I grew up at the same time as you in but in far western KY. I never really heard of this until much later. Was this something that died out in all but the mountains?
“4. That Christians must be teetotalers, and no one in the Bible ever drank wine.”
My son’s 12 grade SS teacher gave his last lesson of the year on this. My son came home asking “What the ….” It’s nuts. My already low opinion of said teacher went through the floor at that point.
Of course growing up we knew we shouldn’t drink. It was printed in the front of the hymnals as a part of the SBC statement of faith as I recall. I never saw my dad take a drink but he always said this was nuts.
“8. The civil rights movement was wrong …”

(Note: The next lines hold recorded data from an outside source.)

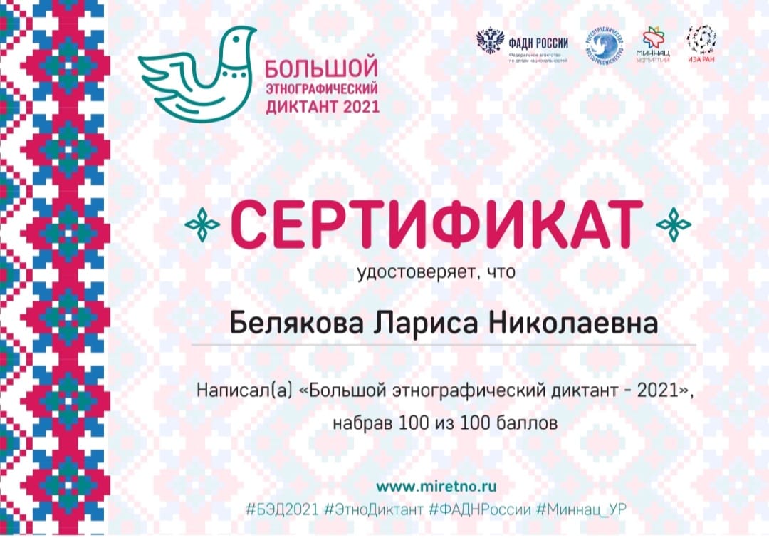 Опубликовано: 05.11.2021Народов много - страна одна! Под таким лозунгом уже в шестой раз проходит Международная просветительская акция "Большой этнографический диктант" с 3 по 7 ноября 2021 года в онлайн-формате и приурочена ко Дню Народного Единства. Цель диктанта - оценить уровень этнографической грамотности населения, их знания о народах,проживающих в России, но и привлечь внимание широкой общественности к вопросам межнационального мира и согласия. В ГБОУ " Мензелинская школа- интернат учителя истории и обществознания Анастасьева О.М.,Белякова Л.Н. и учащиеся 6-11 кл приняли участие в данной акции.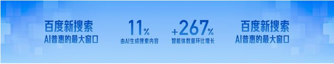 5月30日,在“百度万象大会”上,智能体(Agent)被作为重点项目呈现。百度集团资深副总裁、百度移动生态事业群组总经理何俊杰讲道:“目前,百度搜索有 11%的搜索结果是由 AI 生成的。从上个月的create大会到现在,智能体数量环比增长了 267%。 ”
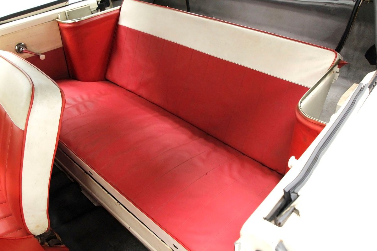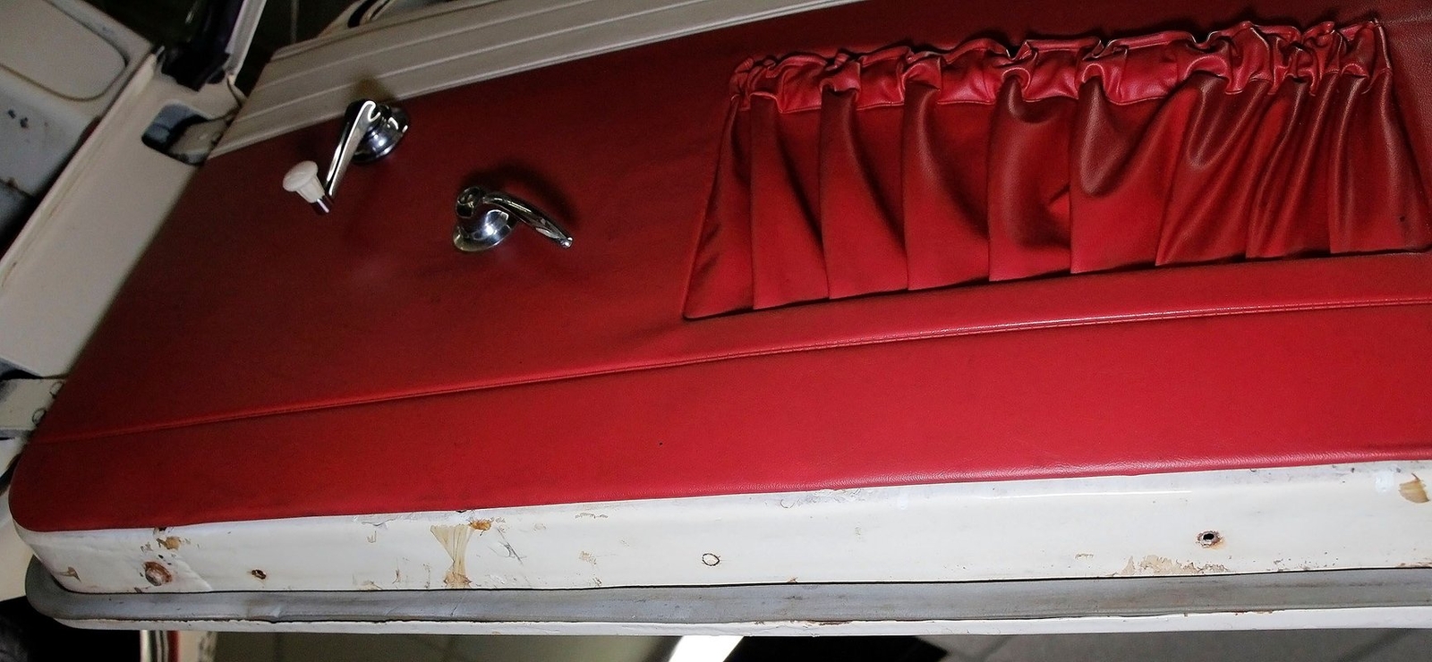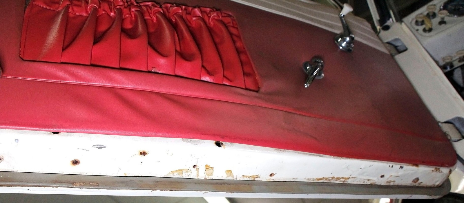 2+2 seating in red vinyl tuck and roll inserts, and white bolsters are wrapped with red piping. Seating shows slight wear in areas on the seat. Door panels are red vinyl and have white vinyl above which is slightly soiled. A white dash, and original steering wheel are in good condition with pitting and early signs of rust on the bezels. Clean ribbed rubber flooring "floods" the floors and offers easy water cleanup. All ashore that's going ashore!

The beginning of the end for the pastor I grew up with was when he allowed a business meeting to discuss what we’d do if “they” showed up and wanted to attend or GASP become members. This was about 69. Lots of politely heated discussion. I think the longest meeting we’d ever had. No decision.
“12. Sunday was a day when all businesses must be closed, and we should vote to impose that view on the community.”
As my dad would say. I guess we should really close everything down Friday through Sunday to take care of Muslims, Jews, 7th day, … We even had folks who said absolutely no one should have a job that required working on Sunday. But I noticed the church still turned on the lights, flushed the toilets, etc…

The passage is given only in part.